Cette année, cette situation constitue un avantage pour les touristes locaux, selon Bülent Bülbüloğlu, spécialiste du secteur touristique. Interviewé par Bloomberg, il affirme : « C’est une année difficile, mais cela profite aux habitants : certains hôtels proposent des rabais de 50 à 60 %. »
Vue aérienne de touristes et locaux sur la plage à Fethiye. Seuls quelques Turcs peuvent se payer ce genre de vacances.
Les îles grecques, une destination de plus en plus prisée
Malgré cela, la demande pour les voyages à l’étranger ne faiblit pas, notamment en direction des îles grecques situées au large de la côte ouest turque.

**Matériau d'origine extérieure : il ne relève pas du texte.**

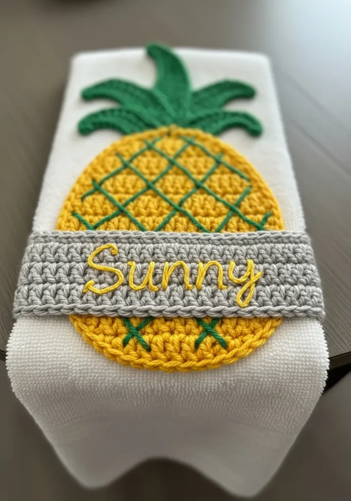 This cheerful crochet towel topper features a textured pineapple motif in bright yellow and green, stitched onto a soft white base. A bold embroidered name sits across a contrasting band, making it instantly personalized. The stitches create a fun raised grid pattern on the pineapple, adding visual interest and dimension. The design feels fresh and playful while still being practical for everyday use.

Selon Özgür, le comptable, c’est logique : « Avec les prix, pourquoi payer plus en Turquie ? La mer est la même. »
Grâce à une réglementation particulière, il est plus facile d’obtenir un visa pour ces destinations, contrairement aux pays d’Europe de l’Ouest qui imposent des démarches plus strictes. Par ailleurs, on estime qu’un résident turc sur six possède un passeport, principalement parmi les catégories aisées.
En dehors de la côte ouest, en été, on voit surtout des Turcs en vacances sur la côte méditerranéenne. Selon Cüneyt, la plupart d’entre eux ne peuvent toutefois pas s’offrir de véritables congés : « Seul un petit cercle de personnes privilégiées peut réellement partir en vacances », confie-t-il. Pour la majorité, partir à l’étranger reste un luxe inaccessible.